As Americans became aware of the legal reform that was taking place in the mother country and elsewhere in Europe, they became increasingly frustrated with their confused hodgepodge of barbarous and antiquated laws.“I knew,” Jefferson recalled in his autobiography,“that our legislation under the regal government had many very vicious points which urgently required reformation.”11 The break from Great Britain in 1776 at last gave him and other reformers the opportunity to simplify and clarify the unwritten nature of the common law and reduce the ability of judges to pick and choose what was law.

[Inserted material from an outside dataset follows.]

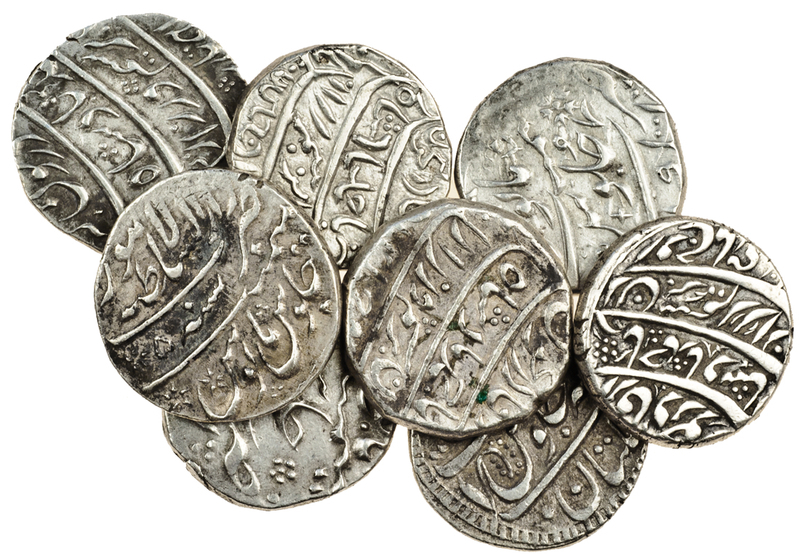 Afghanistan, Durrani, Ahmad Shah, Rupees (8), Attock (2), dates unclear, Dera, AH1170, Kabul, ry.7, Lahore, ry.5, Multan, AH1167, ry.7, Peshawar (2), AH1160, ry.1, ry.11 (KM.233, A313, 423, 623, 643, 693), very fine to extremely fine (8)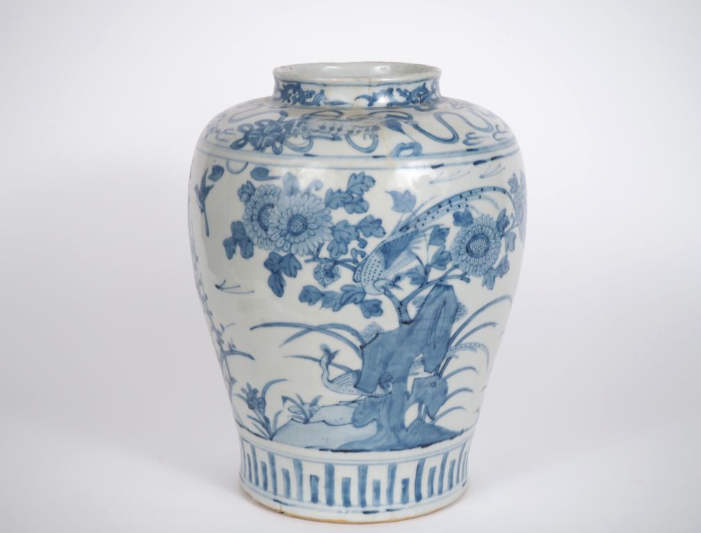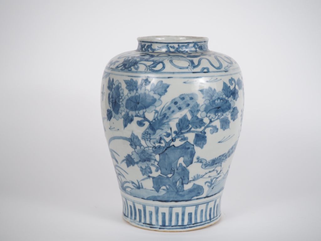 Japon, XIXe siècle, Jarre en porcelaine bleu blanc, à décor de faisans évoluant parmi des pivoines et cerisiers en fleurs. La base du col ornée de lions bouddhiques. Fêle au col. H. 30 cm

In 1776 most of the states agreed to retain as much of the English common law as was applicable to their circumstances, until it should be altered by future legislative acts. Nearly all the states thus began weeding out archaic English laws and legal technicalities and codifying parts of the common law. Society, it was said, often with ample quotations from the eighteenth-century Italian legal reformer Cesare Beccaria, needed “but few laws, and these simple, clear, sensible, and easy in their application to the actions of men.”12 Only through scientific codification and strict judicial observance of what William Henry Drayton of South Carolina called in 1778, quoting Beccaria,“the letter of the law” could the people be protected from becoming “slaves to the magistrates.”13
The Revolutionaries aimed to modernize state power, and thus their new state assemblies began legislating in a programmatic manner—creating institutions, organizing taxes, reforming the legal system, printing money—and in the process doubling and tripling their output of statutes. Not only did modern commercial policy and the need for improvement of all sorts demand new legislation, but the Revolutionary desire for legal reform and codification also required the enactment of an increasing number of laws.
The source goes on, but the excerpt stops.